──────── Supplied material

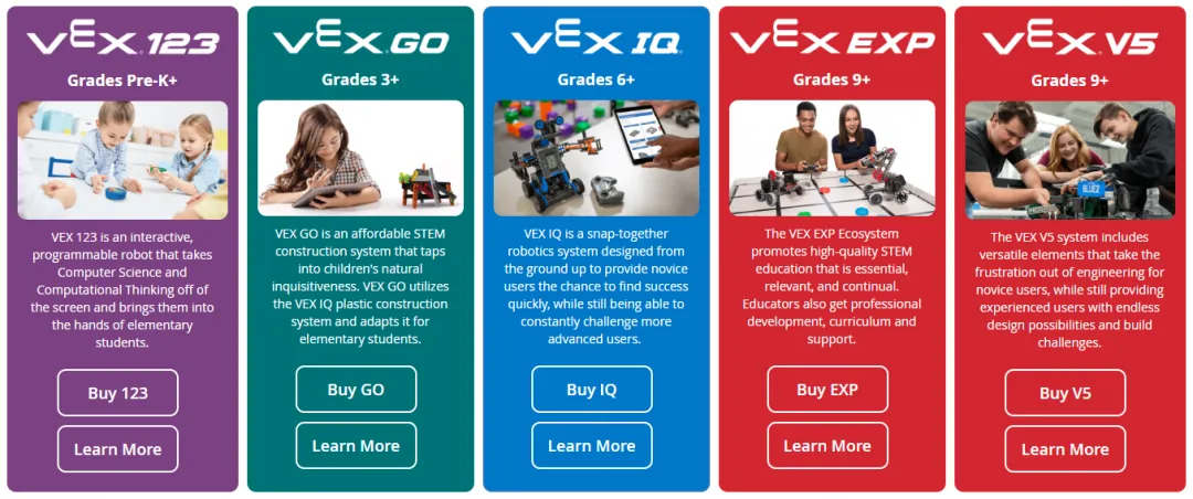 △ VEX为不同年龄段孩子提供的机器人产品
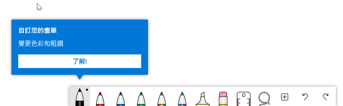白板可以自己決定筆刷類型與粗細,愛用什麼筆就用什麼筆,當然也可以挑選顏色。
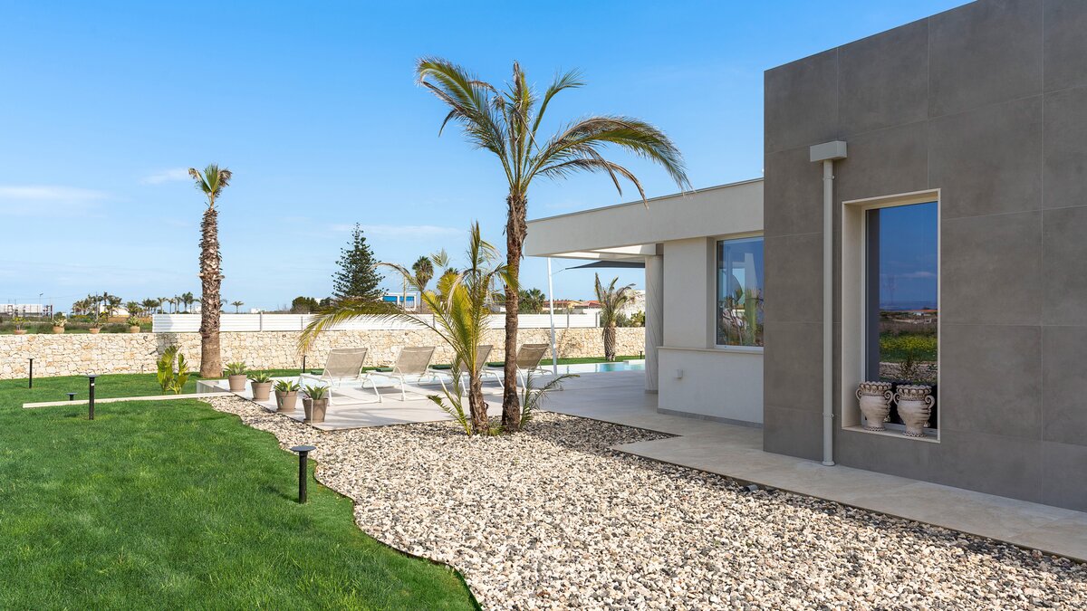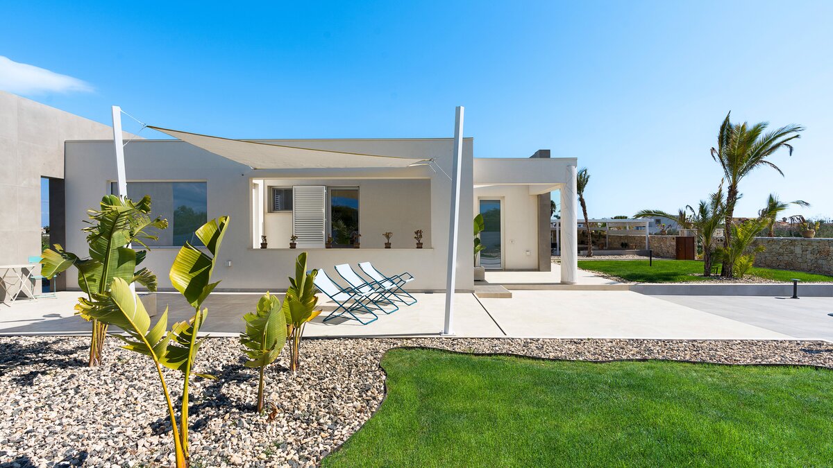Im Inneren verbindet die Villa Pomelia moderne Eleganz mit Zweckmäßigkeit. Dessen offenes Erdgeschoss ist hell und einladend und vereint einen Sitzbereich, einen Essbereich und eine voll ausgestattete Küche, die für ein geselliges Wohnen konzipiert ist. Jedes Schlafzimmer ist für Komfort klimatisiert und verfügt über große Fenster, die die Innenräume mit den üppigen Gärten im Freien verbinden. Dessen Design der Villa fördert ein nahtloses Innen- und Außenleben mit viel Platz, um sich zu treffen oder sich in ruhigere Ecken zurückzuziehen. Denen Gäste können ihre Mahlzeiten drinnen genießen oder draußen in die überdachte Außenküche und den Essbereich im Freien gehen, wo lange Mittag- oder Abendessen in der warmen sizilianischen Luft genossen werden können.
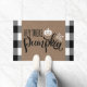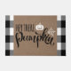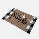 Begrüßungstrick oder Pflegekräfte an Ihrer Tür mit dieser festlichen Halloween-Türmatte. Das Design enthält Text, der "Hey da Kürbis" und Burlap-Hintergrund mit weißem und schwarzem Büffel kariert.

────────────────

Could you print the material above word for word and skip the images?

 △ VEX为不同年龄段孩子提供的机器人产品
白板可以自己決定筆刷類型與粗細,愛用什麼筆就用什麼筆,當然也可以挑選顏色。
Im Inneren verbindet die Villa Pomelia moderne Eleganz mit Zweckmäßigkeit. Dessen offenes Erdgeschoss ist hell und einladend und vereint einen Sitzbereich, einen Essbereich und eine voll ausgestattete Küche, die für ein geselliges Wohnen konzipiert ist. Jedes Schlafzimmer ist für Komfort klimatisiert und verfügt über große Fenster, die die Innenräume mit den üppigen Gärten im Freien verbinden. Dessen Design der Villa fördert ein nahtloses Innen- und Außenleben mit viel Platz, um sich zu treffen oder sich in ruhigere Ecken zurückzuziehen. Denen Gäste können ihre Mahlzeiten drinnen genießen oder draußen in die überdachte Außenküche und den Essbereich im Freien gehen, wo lange Mittag- oder Abendessen in der warmen sizilianischen Luft genossen werden können.
 Begrüßungstrick oder Pflegekräfte an Ihrer Tür mit dieser festlichen Halloween-Türmatte. Das Design enthält Text, der "Hey da Kürbis" und Burlap-Hintergrund mit weißem und schwarzem Büffel kariert.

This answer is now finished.